We all love to see “increased engagement” from customers using the products we create, but it’s not always as clear as it might seem if the increase is positive or negative. It’s sometimes dangerous to have the singular goal to “increase usage of this feature” instead of “help customers get more done.” And even then, when our goal is 100% focused on helping the customer be a better human, we can sometimes misread the metrics we are collecting.
At Wunderlist, the notifications about recent activity feature was akin to the limit theorem: we iterated and iterated, but it always seemed like we couldn’t get to our ideal place to help customers see and understand what’s been happening in their lists. I believe we did our best, but there is one time where we thought we had improved things and it ended up we had done the opposite.

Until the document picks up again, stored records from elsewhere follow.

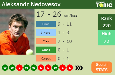 This will be the 4th time that Aleksandr Nedovesov and Tobias Kamke face off. The head to head is 3-0 for Kamke (see full H2H stats), 1-0 on I.hard.
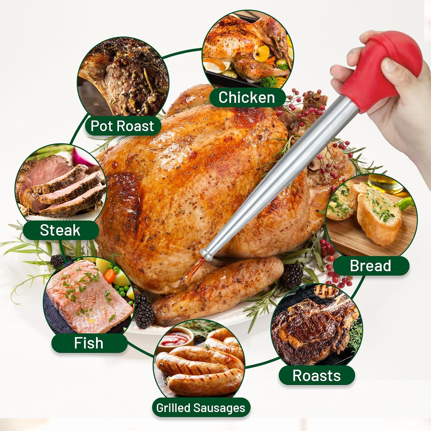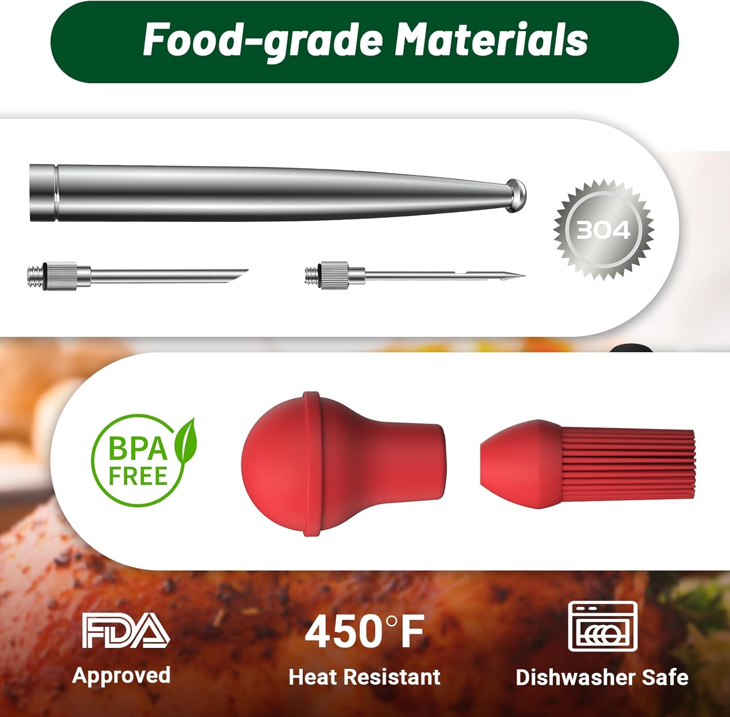 - 304 Stainless Steel Turkey Baster: This turkey baster syringe made of 304 stainless steel is built to last, you don’t need to worry about its melting or deforming as you baste your turkey or roast it with hot drippings, it is also stain-resistant and won’t rust or discolor, even when you’re using it with acidic juices containing citrus or tomatoes.
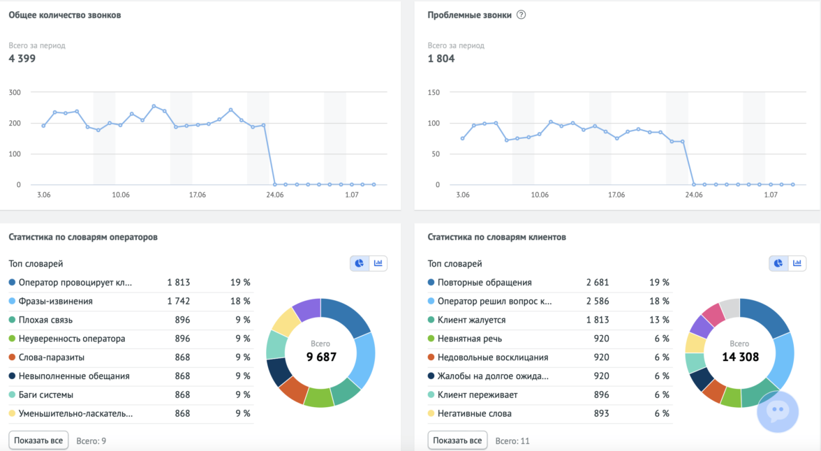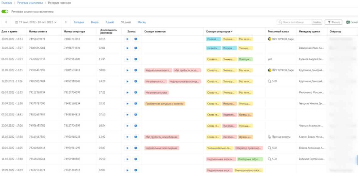 Лучше разобраться в работе сотрудников отдела продаж и понять, почему отваливаются лиды, поможет речевая аналитика. Сервис превращает запись разговора в текст и находит проблемные звонки. Например, выделяет те, где менеджер не использовал скрипт, отказывал в помощи, а клиент так и не решил проблему.
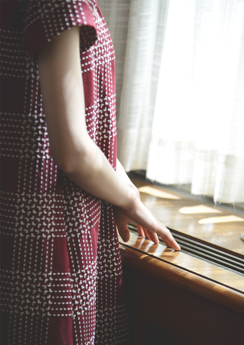 太番手糸ステッチがポイントの刺し子ドビー・ビッグチェック「縦と横」
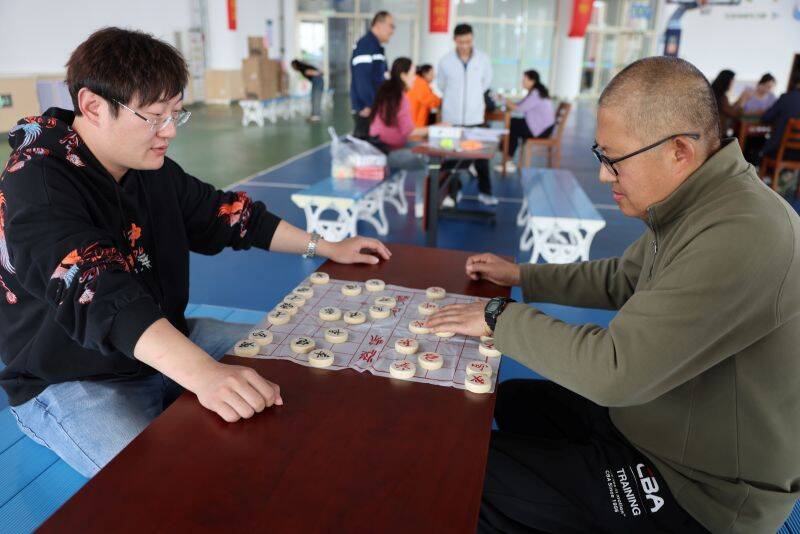 象棋赛场上,红黑棋子在楚河汉界间展开无声交锋。机运工区张保生与综合服务中心王连军的对决尤为精彩,前者以“屏风马”布局稳守防线,后者则以“中炮盘河马”发起猛攻。经过半小时鏖战,张保生抓住对手一步疏漏,以“车马冷着”完成绝杀,现场爆发出热烈掌声。跳棋区域则充满欢声笑语,彩色跳棋在六角星盘上连跳成桥,引得围观者纷纷支招。

We instrumented the apps to let us know when someone clicked on the notification bell and we saw that hardly anyone was clicking on it. So we went to work: how could we help people know there is useful information in the notifications popover.
We added a red dot to indicate “hey, there’s some new stuff here.” Clicking to show the notification popover would remove the red dot (until later when there is new activity).
And our metrics for clicks on the notification bell went way up! Success.
Luckily, we dug a bit deeper into the stats and we noticed a strange occurrence: often there were two clicks from the same device in rapid succession, both clicks in less than two seconds. We assumed we had made a mistake in our apps and they were reporting the click twice. But we couldn’t reproduce this ourselves and it wasn’t reported twice every time, just often.
We realized our customers were clicking once to show the popover, then immediately again to hide it.
It turned out customers really just wanted to remove the red dot. Our metrics were lying: positive engagement with notifications wasn’t going up as we had thought. Instead, we were annoying people.
Like I typed above: we never got the notifications feature to the point we wanted and that’s OK. Some features are infinite projects, require continual investment and adjustments, and are made incrementally better over time.